In another embodiment of the drive unit the electrical connector can comprise a hole through which the second fastening element extends, wherein the second fastening element is arranged within the hole of the electrical connector with a clearance in a direction parallel to the longitudinal axis of the positioning pin. With this embodiment it can be avoided that a tension force in parallel to the longitudinal axis of the positioning pin resulting from the connection between the electrical connector and the intermediate busbar is acting on the inverter busbar via the carrier. To compensate for maximum position deviations between the inverter busbar and the electrical connector of the drive unit, the nominal clearance in a direction parallel to the longitudinal axis of the positioning pin between the third fastening element and the hole of the carrier can be for example 1 mm or more. Furthermore, the second fastening element can be arranged within the hole of the electrical connector with a clearance in a direction perpendicular to the longitudinal axis of the positioning pin.

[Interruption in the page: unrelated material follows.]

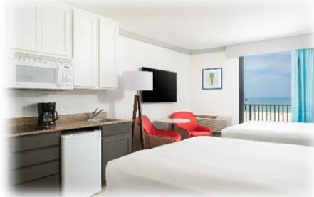
Beachfront Studio w/Balcony

In an embodiment of the drive unit the carrier can be connected to the housing by a third fastening element extending through a hole of the carrier, wherein a clamping force of the third fastening element is acting in a direction transversely to the longitudinal axis of the positioning pin. In particular, the clamping force can act in a direction so that a self-locking connection between the carrier and the housing is established, i.e., the friction force in the contact between carrier and housing induced by the clamping force exceeds the axial component of the clamping force. With this embodiment it can be avoided that while fastening of the carrier to the housing a force parallel to the longitudinal axis of the positioning pin is acting on the inverter busbar via the carrier.
In a further embodiment the drive unit can comprise a planar contact between the electrical connector and the intermediate busbar and/or a planar contact between the inverter busbar and the intermediate busbar. With this embodiment the current from the inverter busbar can be transmitted to the electrical connector via the intermediate busbar with a sufficiently low contact resistance.
In an embodiment of the drive unit the first fastening element can be a first screw received by a threaded bore of the inverter busbar or by a nut. In another embodiment of the drive unit the second fastening element is a second screw received by the threaded bore of the carrier clamping the electrical connector between the intermediate busbar and the carrier.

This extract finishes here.